Enfin, autre temps fort de la présence de l’ESS dans l’agenda européen, le 8 décembre 2011, l’intergroupe « Economie sociale » (Social Economy Europe) était auditionné au Parlement [6]. Rappelons que Social Economy Europe, créée en 2001, est une plateforme d’échanges entre les parlementaires européens impliqués dans l’ES et des acteurs du secteur. Il s’agissait de faire le point sur les initiatives récentes de la Commission en faveur de l’ES et de l’entrepreneuriat social. A l’ordre du jour figuraient l’amélioration du cadre légal pour les entreprises de l’ESS, le développement des entreprises européennes relevant de l’ESS et leurs capacités à produire de l’innovation sociale. Bien que l’intergroupe ait reconnu un effort de communication de la Commission sur l’ESS, beaucoup reste à faire pour la diffusion de ce modèle en Europe, à commencer par la reconnaissance des statuts pour les différentes branches de l’ES.

Certains intervenants n’ont pas manqué de souligner l’attitude ambiguë des instances européennes, qui d’un côté louent le concept d’innovation sociale et de l’autre ne cessent d’adopter des mesures portant atteinte au modèle social européen, difficilement compatible avec les logiques néo-libérales dominantes. Pourtant, l’ESS a montré sa « capacité d’absorption » en ce qui concerne le désengagement des Etats sur les questions sociales (Alain Coheur, président de Social Economy Europe). Ce potentiel a été sous-estimé dans les travaux de la Commission, qui a une vision de l’ESS limitée aux populations vulnérables. Face à cette critique, Emmanuel Vallens, coordonnateur des politiques à la Commission européenne, a rappelé la volonté de cette dernière de considérer l’ES comme une priorité d’investissement – preuve en est la réflexion en cours sur la labellisation sociale.

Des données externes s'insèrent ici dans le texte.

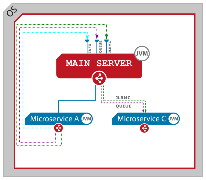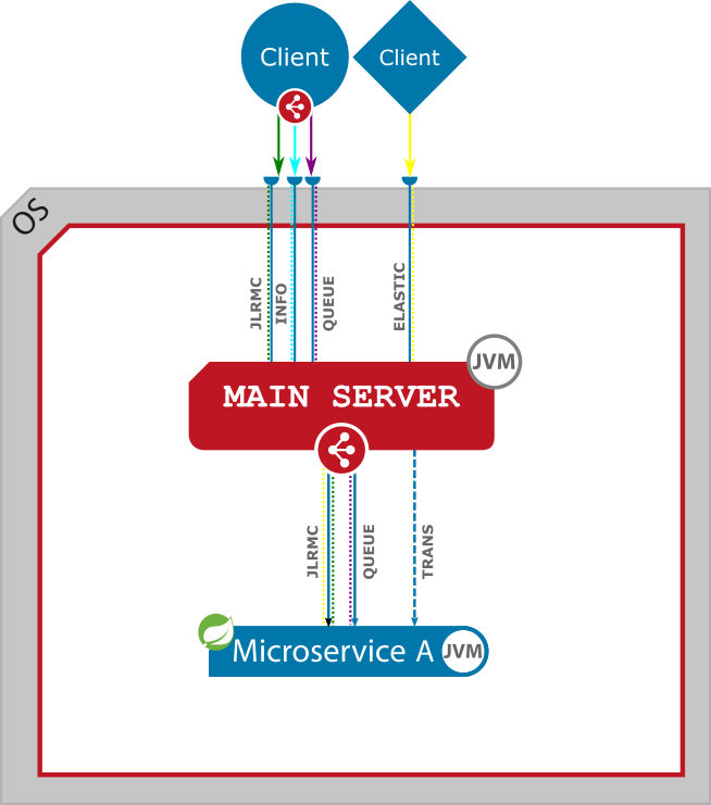 A client communicates with a native microservice through Main Server, which provides its services on three interface automatically (JLRMC, QUEUE, ELASTIC).

D’une façon générale, les prises de position des membres de la Commission en faveur de l’ES ont été jugées trop timorées par les parlementaires, notamment Marie-Christine Vergiat, vice-présidente de l’intergroupe « Economie sociale ». En conclusion, elle a souligné la nécessité d’un travail en synergie du Parlement européen, de la Commission européenne, du Comité économique et social européen, de l’OIT et de Social Economy Europe. Elle a également suggéré d’ouvrir l’intergroupe aux experts sur l’ES, afin de mieux promouvoir la diversité d’entreprendre en Europe.